In the present study, ensemble models – RF and XGB – showed slightly higher AUROC values but generally lower sensitivity. Conversely, more classical ML algorithms such as the RLR and KNN showed decent AUROC values, along with balanced sensitivity and specificity. This can be attributed to the regularization and relatively simple classification methods overcoming overfitting better than the tree-based ensemble models in this dataset [47]. However, these results cannot be generalized, and more studies based on various databases are needed. Further, this model is intended for screening to prevent falls and is very cost-effective. However, the cost can be much greater once a fall event occurs. Therefore, even if the sensitivity is relatively low, their high specificity and negative predictive value can provide clues for nursing staff to select and focus on patients who need to focus more on fall-prevention activities during their hospitalization [48].

This study is the first to develop an ML-based fall prediction model for patients with acute stroke. We were able to present validated results of ML prediction by comparing them with the MFS, which is the most widely utilized existing fall prediction tool. Furthermore, using multiple ML algorithms for prediction made it possible to directly compare each model’s performance.

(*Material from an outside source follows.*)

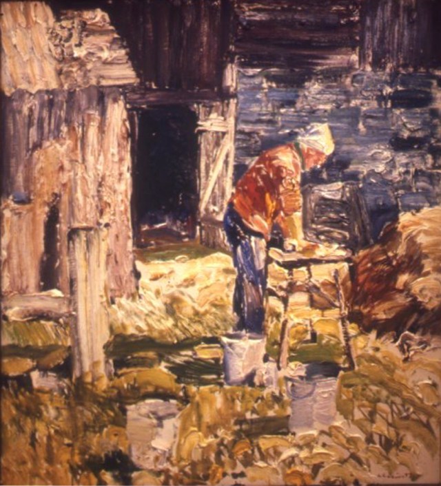 När Lars Lerin och jag träffades några år senare, efter gymnasieårens övningar inför den önskade framtiden som konstnär var paletten fortfarande och huvudsakligen ljus med varma, fylliga färger på duken och där arbetet på gården skildrades med glädje och lust.

This study has several limitations. First, this was a single-center study, which may have limited generalizability. More studies using big data from multiple institutions are needed to verify the results and improve generalizability. Second, this retrospective study used EHRs, which might result in ambiguity in defining some variables. Third, the dataset only observed falls during hospitalization for acute stroke and did not provide long-term follow-up outcomes. Fourth, the timing drug information collection was different between groups. That is, in the fall group, when an event occurred, the medication list was identified with the index date, but in the non-fall group, it was identified with the admission date as the index date. This may have been a source of bias. Finally, despite various statistical adjustments, the outcome variable, in-hospital falls, has a highly imbalanced ground truth, making it difficult to establish causality.

Conclusions

In this study, the ML algorithms used for predicting in-hospital falls among patients with acute stroke showed valid results. Their prediction performance was not equivalent to that of the MFS and they can be readily applied and overcoming the disadvantages of the MFS at the same time. Furthermore, the ML models integrate initial clinical information in a meaningful direction to enable the construction of prediction models that can be used at the beginning of hospitalization. Therefore, the use of ML models for fall prediction is of great clinical significance in allowing medical staff to perform more accurate and efficient fall screening. Ultimately, this study provided cornerstone data for the practical use of the fall screening model of patients with acute stroke in real clinical settings base.